Just five days after securing FDA approval for the first-ever CRISPR-based therapy in December 2023, Vertex Pharmaceuticals paid $50 million upfront to Editas Medicine for a non-exclusive license for the technology. Editas—co-founded by Feng Zhang of the Broad Institute of MIT and Harvard, current holder of key CRISPR patents—will also be eligible for another $50 million and annual license fees of up to $40 million a year for the next 10 years. But later this year, pending the decision of a federal patent court, Editas and the Broad might have to share ownership of the gene editor.
CRISPR-Cas9 technology has been embroiled in legal battles for more than a decade. To date, the U.S. Patent and Trademark Office (USPTO) has maintained that the Broad Institute’s patent is valid, thwarting an interference claim by the University of California, the University of Vienna and Emmanuelle Charpentier, collectively known as the CVC group. Charpentier, along with the University of California, Berkeley’s Jennifer Doudna, was awarded the Nobel Prize in Chemistry in 2020 for developing the technology.

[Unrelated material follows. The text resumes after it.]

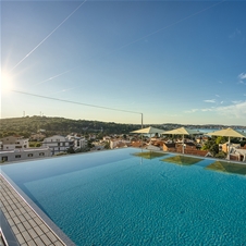 Na strešni terasi se nahaja eleganten bazen z udobnimi ležalniki, kjer se gostje lahko sprostijo in uživajo v čudovitem razgledu na Rovinj.

But the decision awarding the patent to the Broad Institute has once again been appealed, with a ruling expected from a federal court in the second half of this year, and patent attorneys following the case say there’s still a chance things could swing in favor of CVC.
University of Illinois College of Law patent expert Jacob Sherkow told BioSpace that a CVC win would not immediately or necessarily invalidate the Broad’s patents, but such an outcome would raise the possibility of invalidation “years off into the future.” Should that happen, companies seeking to work with CRISPR-Cas 9 technology might need to start negotiating deals with CVC instead.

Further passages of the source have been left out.